The majority appears to embrace this straightforward reasoning. (Maj. Op. at 511-12.) At the same time, however, the majority discerns a “fundamental structural problem” with the case, reasoning that Dyer failed to exhaust his state-court remedies after the new parole hearing and was required to return to state court. (Maj. Op. at 509-11.) The majority concludes that “all subsequent proceedings after the June 2009 parole hearing could not properly be before the district court until the issues were exhausted in state courts.” (Maj. Op. at 510.) But as explained above, the question of whether Dyer’s petition was moot was properly before the district court. And Dyer was certainly permitted to argue that the parole board did not abide by the correct standards — he simply was not entitled to receive more than a skin-deep review for mootness. If Dyer seeks a deeper review of the parole board’s actions, only then he will have to return to state court to exhaust his remedies.
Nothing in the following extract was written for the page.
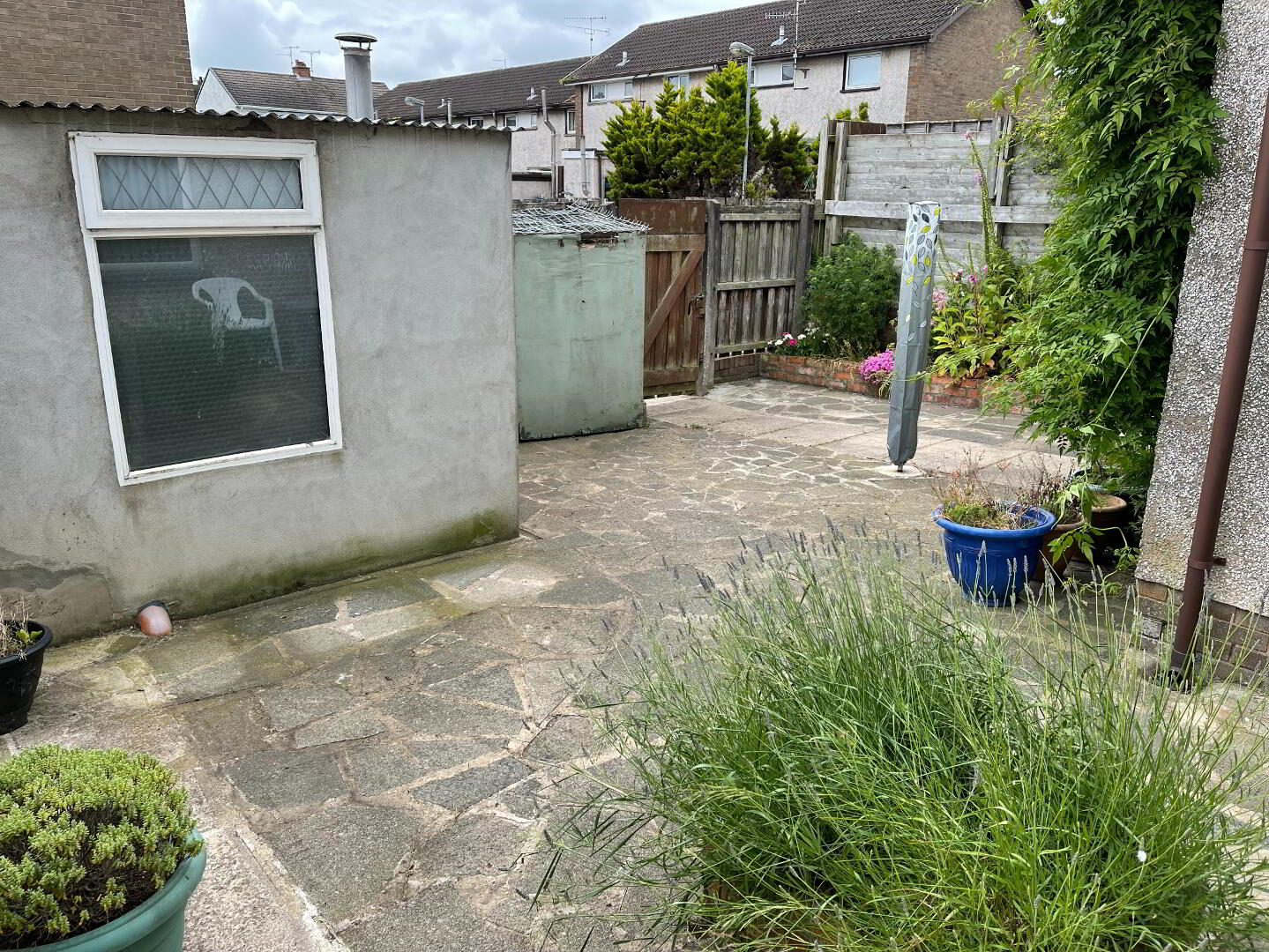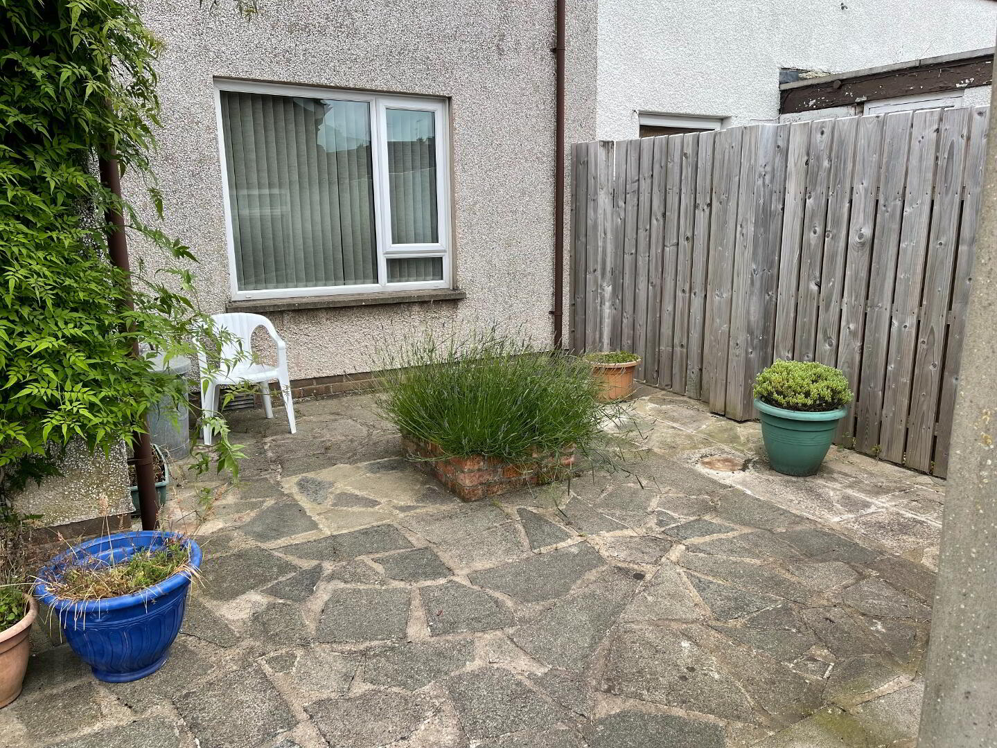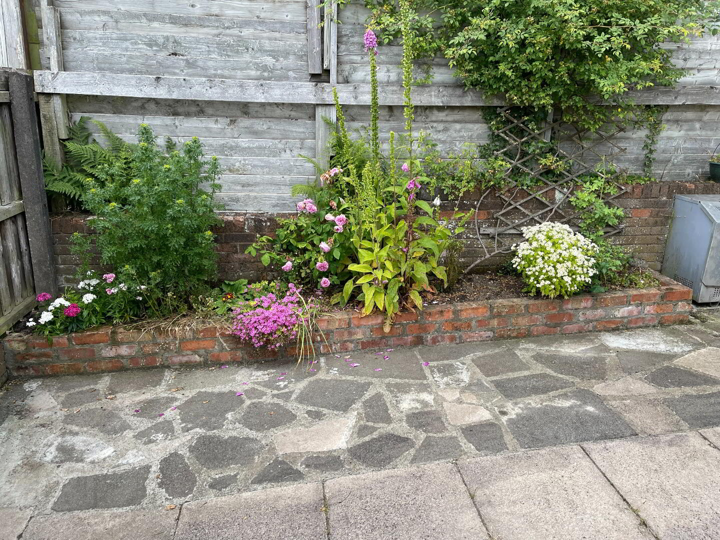 Enclosed paved rear yard with brick flower beds and rear gate, oil tank, outside tap.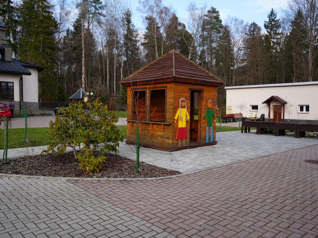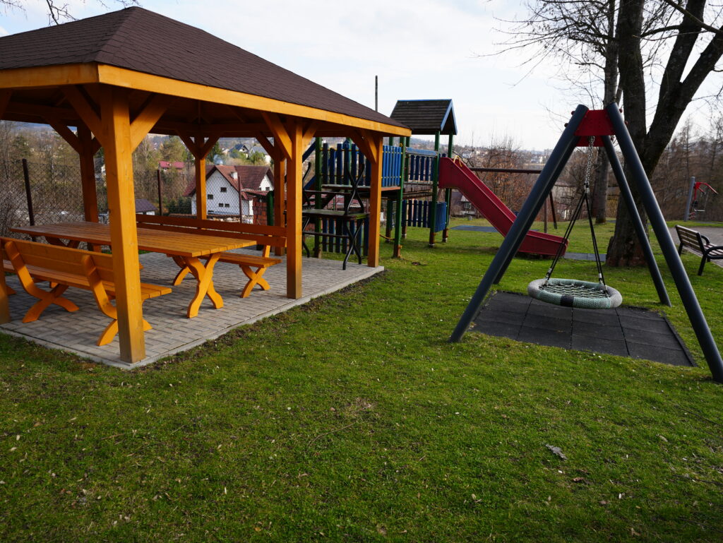 • Strefa relaksu na świeżym powietrzu z ławkami, altaną i miejscem na zajęcia plenerowe.

Furthermore, the majority’s observation that “[ojnce the parole hearing was held, the writ would be dismissed, and the [district] court’s supervisory powers under AEDPA would cease,” is also problematic. (Maj. Op. at 511.) First, for the reasons already stated, the district court can and must exercise its “supervisory powers” at least to consider the question of mootness. Second, to extent this statement implies that a federal court is without jurisdiction to consider whether a state court has complied with an order granting a conditional writ, it is erroneous. See Gentry, 456 F.3d at 692 (“A federal district court retains jurisdiction to determine whether a party has complied with the terms of a conditional order in a habeas case.”); see also Patterson v. Haskins, 470 F.3d 645, 667-68 (6th Cir.2006) (noting that district court and appellate court jurisdiction was proper to “evaluate[ ] compliance with the terms of the conditional writ”).
In addition, after reaching the correct conclusion (Maj. Op. at 511-12), the majority then discusses in Parts IV and V several issues that are not necessary to the outcome of Dyer’s appeal. Given that the application of Cullen and possible future limitations issues are not germane to resolution of the issue before us, I would refrain from any analysis on these points.
With the foregoing observations, I concur in the judgment of the court.